■ **The problem**: What you return must match the records exactly, except that the pictures are gone.

▼

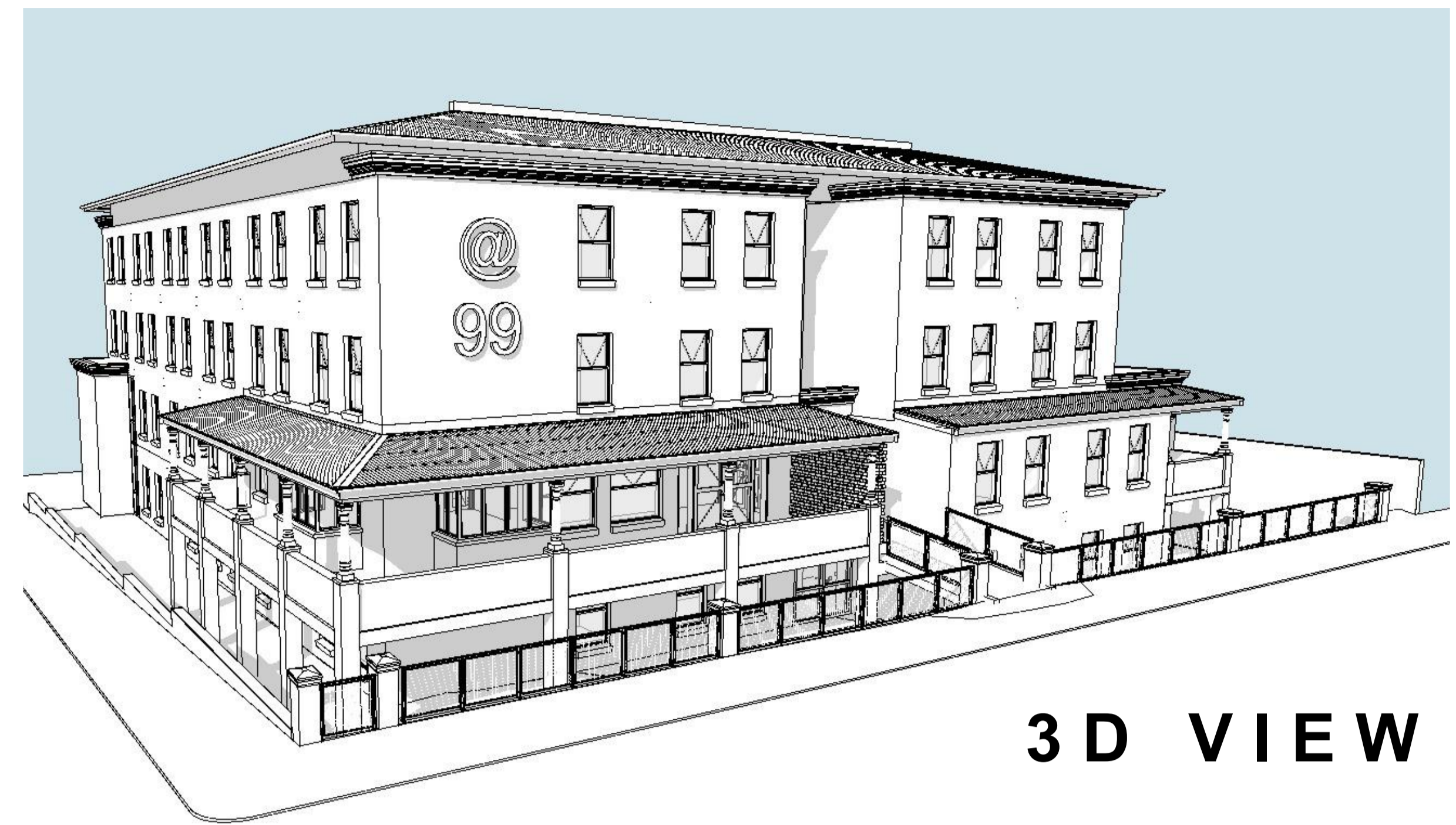
3 D VIEW
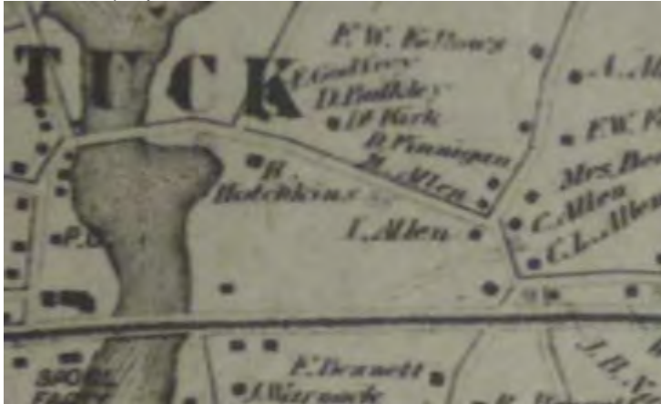
Figure 3. Map of Bridge Street neighborhood in 1879 (Hopkins 1879).
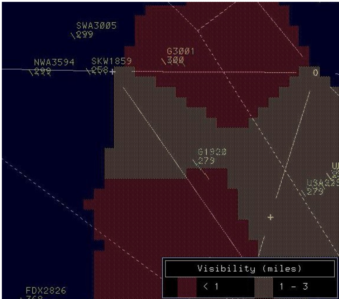
Figure 3. Visibility Display.

The Visibility Display in Figure 3 shows an example of shaded regions for two visibility levels that are below VFR minima (i.e., no-go regions). The first region shows areas that have a visibility of less than 1 mile, and the second region shows areas that have a visibility between 1 mile and 3 miles. Non-shaded areas on the situation display have a visibility of more than 3 miles, which meets the visibility minima for VFR operations (i.e., go regions). Alternatively, the Visibility Display can be tailored to display all visibility conditions (in miles) across the sector. The Visibility Display has the same spatial resolution (5 kilometers) and update rate (every 5 minutes) as the Ceiling Display.
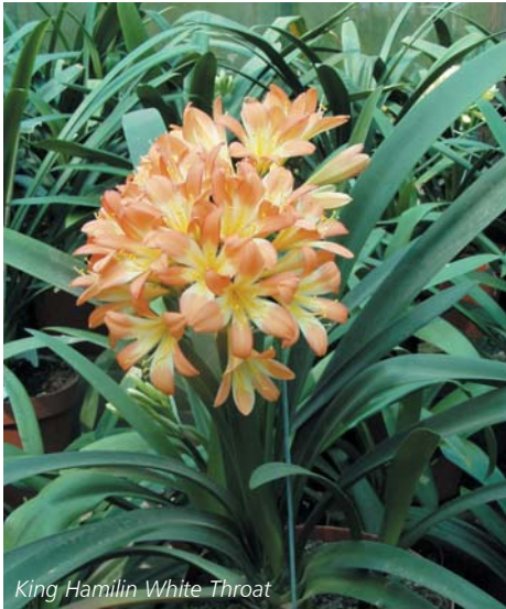
King Hamilin White Throat
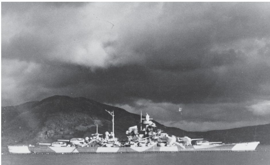
Figure 1. “ The Lone Queen of the North. ” Lurking in Norway’s picturesque fjords, Tirpitz posed a grave menace to the Allied Arctic convoys. This is how the ship appeared during Operation Rösselsprung; she is seen here in Altafjord sometime after the abortive sortie. ( http://www.history.navy.mil/our-collections/photography/numerical-list-of-images/nhhc-series/nh-series/NH-71000/NH-71390.html )

unglamorous, the policy of weaker naval powers throughout history has often been to further their strategic goals by keeping their fleets intact, avoiding risking them against the enemy unless absolutely necessary. The fleet-in-being strategy—a term coined around 1690 during the War of the League of Augsburg—is an appealing option for naval powers that have little to gain and much to lose by risking their few precious capital ships in tests of strength against superior enemy forces. By keeping its fleet “in-being,” a weaker naval power risks little while possibly gaining much—forcing the enemy to react in accordance with its wishes, to a greater extent than if its fleet was squandered in costly naval engagements. 4
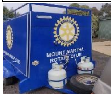
Now all ready to Travel to its next BBQ
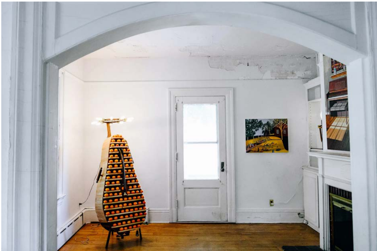
At NADA House on Governors Island, a wood sculpture by Colby Bird at the presentation by Halsey McKay Gallery seems to have stepped out of a painting by Magritte.
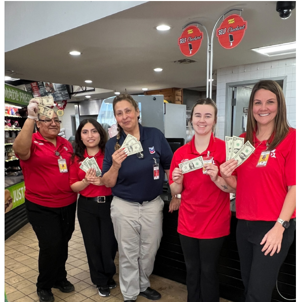
The 315 team has hit 10,779 for PBRC! Their goal is 15,000!
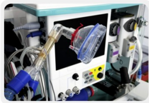
Respiratory Therapy Equipment
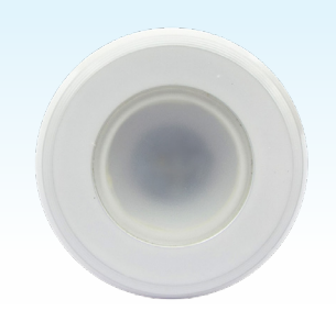
SCM-DL-CC Full Color Overhead Lighting (available in white or black)
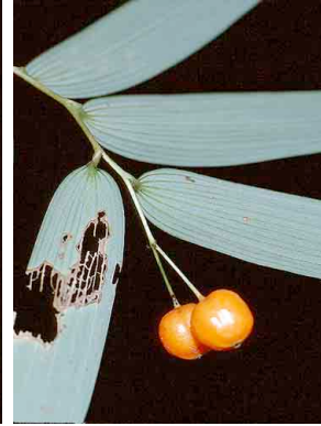
4 Bomarea ALSTROEMERIACEAE
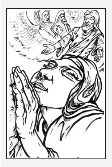
All heaven feels joy and sings when God saves a sinner.

▲

■ **Output**:
3 D VIEW
Figure 3. Map of Bridge Street neighborhood in 1879 (Hopkins 1879).
Figure 3. Visibility Display.

The Visibility Display in Figure 3 shows an example of shaded regions for two visibility levels that are below VFR minima (i.e., no-go regions). The first region shows areas that have a visibility of less than 1 mile, and the second region shows areas that have a visibility between 1 mile and 3 miles. Non-shaded areas on the situation display have a visibility of more than 3 miles, which meets the visibility minima for VFR operations (i.e., go regions). Alternatively, the Visibility Display can be tailored to display all visibility conditions (in miles) across the sector. The Visibility Display has the same spatial resolution (5 kilometers) and update rate (every 5 minutes) as the Ceiling Display.
King Hamilin White Throat
Figure 1. “ The Lone Queen of the North. ” Lurking in Norway’s picturesque fjords, Tirpitz posed a grave menace to the Allied Arctic convoys. This is how the ship appeared during Operation Rösselsprung; she is seen here in Altafjord sometime after the abortive sortie. ( http://www.history.navy.mil/our-collections/photography/numerical-list-of-images/nhhc-series/nh-series/NH-71000/NH-71390.html )

unglamorous, the policy of weaker naval powers throughout history has often been to further their strategic goals by keeping their fleets intact, avoiding risking them against the enemy unless absolutely necessary. The fleet-in-being strategy—a term coined around 1690 during the War of the League of Augsburg—is an appealing option for naval powers that have little to gain and much to lose by risking their few precious capital ships in tests of strength against superior enemy forces. By keeping its fleet “in-being,” a weaker naval power risks little while possibly gaining much—forcing the enemy to react in accordance with its wishes, to a greater extent than if its fleet was squandered in costly naval engagements. 4
Now all ready to Travel to its next BBQ
At NADA House on Governors Island, a wood sculpture by Colby Bird at the presentation by Halsey McKay Gallery seems to have stepped out of a painting by Magritte.
The 315 team has hit 10,779 for PBRC! Their goal is 15,000!
Respiratory Therapy Equipment
SCM-DL-CC Full Color Overhead Lighting (available in white or black)
4 Bomarea ALSTROEMERIACEAE
All heaven feels joy and sings when God saves a sinner.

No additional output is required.